Jerry’s Eyes On Promotion

Play-Off Challenge For Compton Old Boy

Jerry Gill in 2008.

Jim Barron will be keeping a close eye on the fortunes of former Wolves coach Jerry Gill tomorrow as the non-League season moves towards a belated conclusion.

The two know each other from their time together at Birmingham during the Trevor Francis managerial era and were reunited professionally at the start of the 2019-20 season virtually 12 months ago!

Gill, who joined Wolves in 2015 as under-18 head coach, is now manager of Bath City, who face Dorking at Twerton Park tomorrow in a Vanarama National League South play-off.

And Barron will have his fingers crossed that they come through this behind-closed-doors eliminator and take another step towards a place in the elite of non-League football.

“If I was at a top club, Jerry is someone I would take along with me,” Barron said this afternoon. “I knew him as a player at Blues and his attitude was always spot-on, so he would be brilliant at taking the training.

“We are living down in Berkshire again these days, so he had me watching a few games for him in the M25 area early in the season to give him an insight on future opponents.

“I think they were fourth in the table when the matches stopped a few months ago and apparently they have decent facilities there. He is from the West Country as well, so he would love to take them up.”

Gill has had a varied career in the game and, before his Wolves seasons, had spells as academy manager at Kidderminster, youth coach at Bristol Rovers, as a scout and academy coach at Norwich and as manager of Weymouth.

He also made a single appearance for the England National Game XI during a playing career that brought him around 250 appearances with three League clubs – Blues, Northampton and Cheltenham.
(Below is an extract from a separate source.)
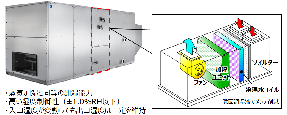 - 本製品*はダイナエアー㈱との共同開発品であり、液体調湿剤の濃度制御と温水コイルの温度制御によって、任意の露点温度を得る原理の加湿ユニットです。

Jim Barron (left) and partner Mel, with Les Wilson in Canada last year.

Such were the good habits Barron referred to that Gill played on at professional level past his 38th birthday, with Bath and Yeovil among the other clubs he appeared for.

He was born in Clevedon, Somerset, and turns 50 next month.

Barron, a 1960s hopeful at Molineux and later assistant to Graham Hawkins, was part of Everton’s scouting set-up for several years until a change of regime there and remains open to assignments on a less formal basis the other side of lockdown.

“I don’t want anything too regular but would go to some matches if asked,” he added. “I see plenty of matches on TV but do miss the banter and seeing people with not having been to games in the last few months.”